Work request:
The following data is to be repeated exactly, its pictures excluded.

Information provided:
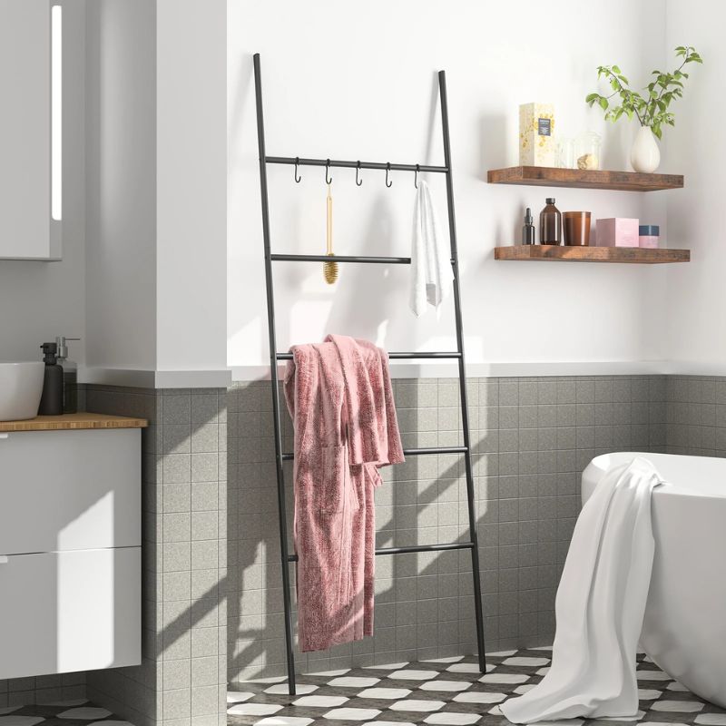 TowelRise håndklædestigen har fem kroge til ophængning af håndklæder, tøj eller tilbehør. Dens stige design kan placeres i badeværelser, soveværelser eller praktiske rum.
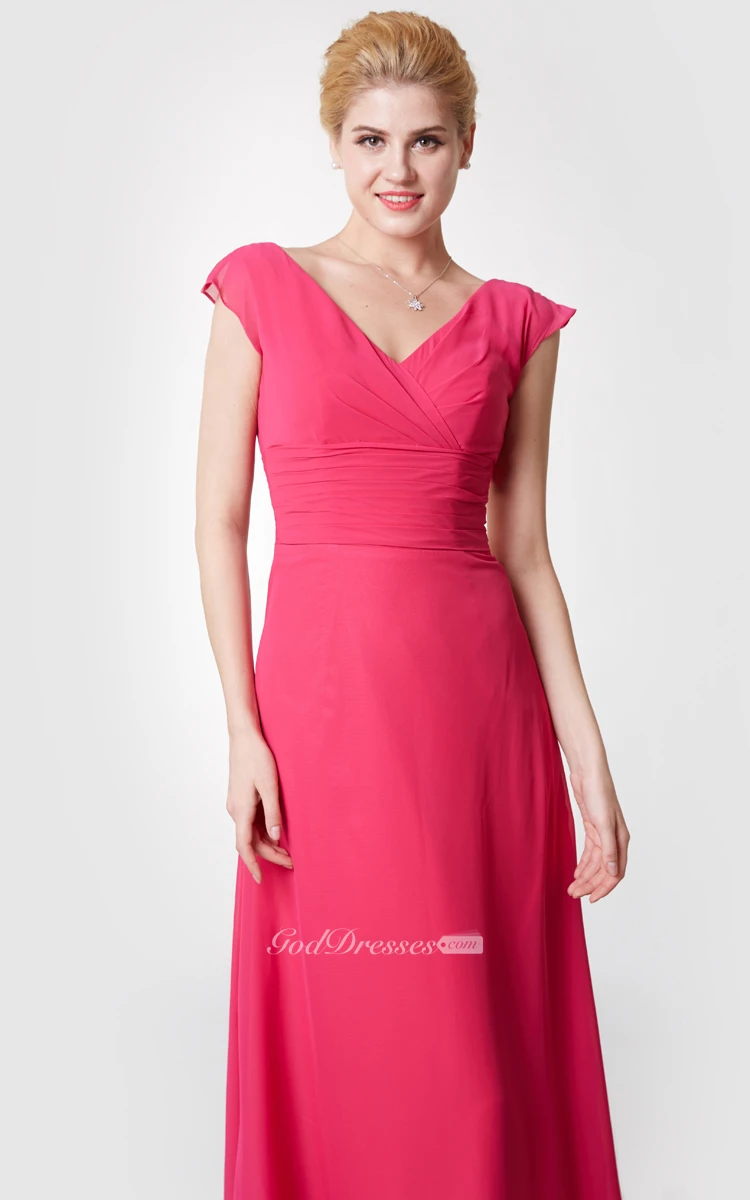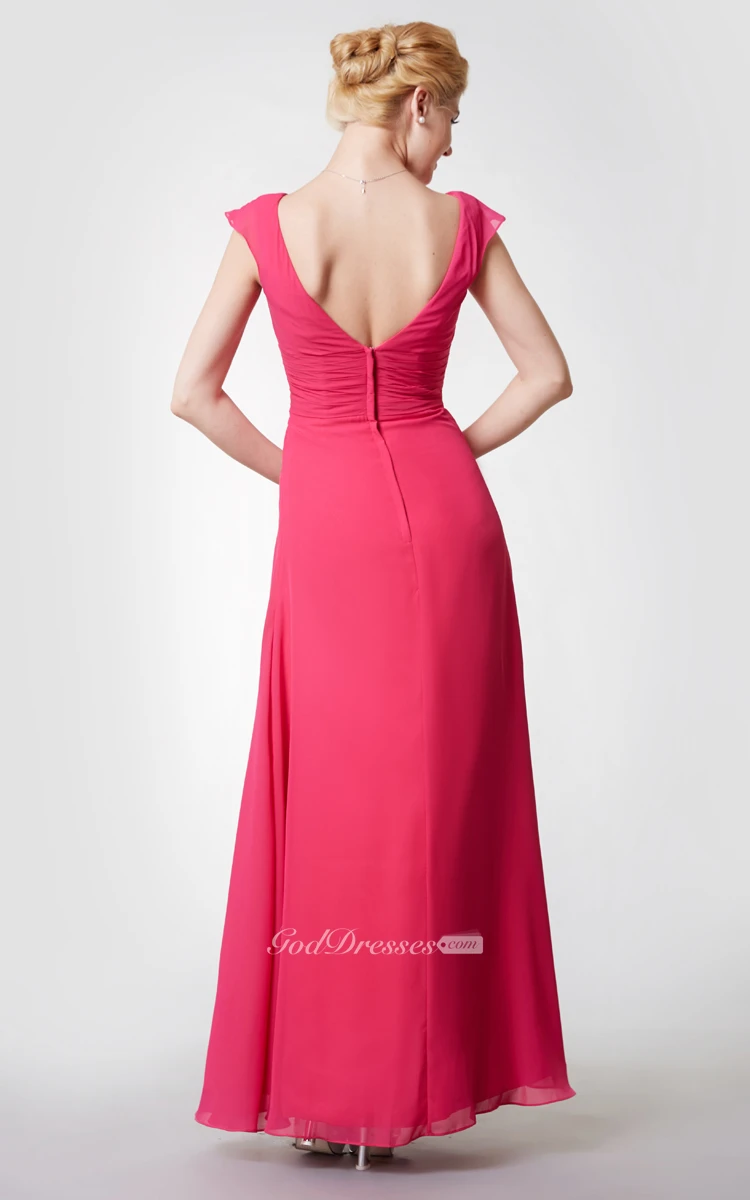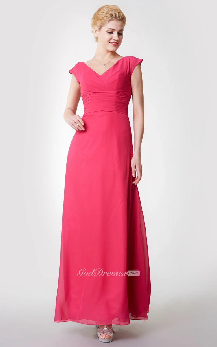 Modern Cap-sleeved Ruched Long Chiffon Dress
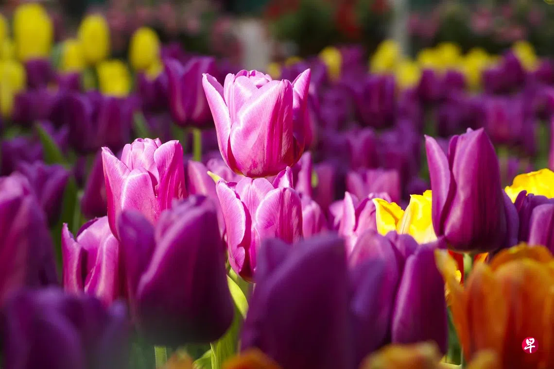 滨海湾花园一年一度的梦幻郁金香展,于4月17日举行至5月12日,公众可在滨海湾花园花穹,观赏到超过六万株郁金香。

Output for this exercise:
 TowelRise håndklædestigen har fem kroge til ophængning af håndklæder, tøj eller tilbehør. Dens stige design kan placeres i badeværelser, soveværelser eller praktiske rum.
 Modern Cap-sleeved Ruched Long Chiffon Dress
 滨海湾花园一年一度的梦幻郁金香展,于4月17日举行至5月12日,公众可在滨海湾花园花穹,观赏到超过六万株郁金香。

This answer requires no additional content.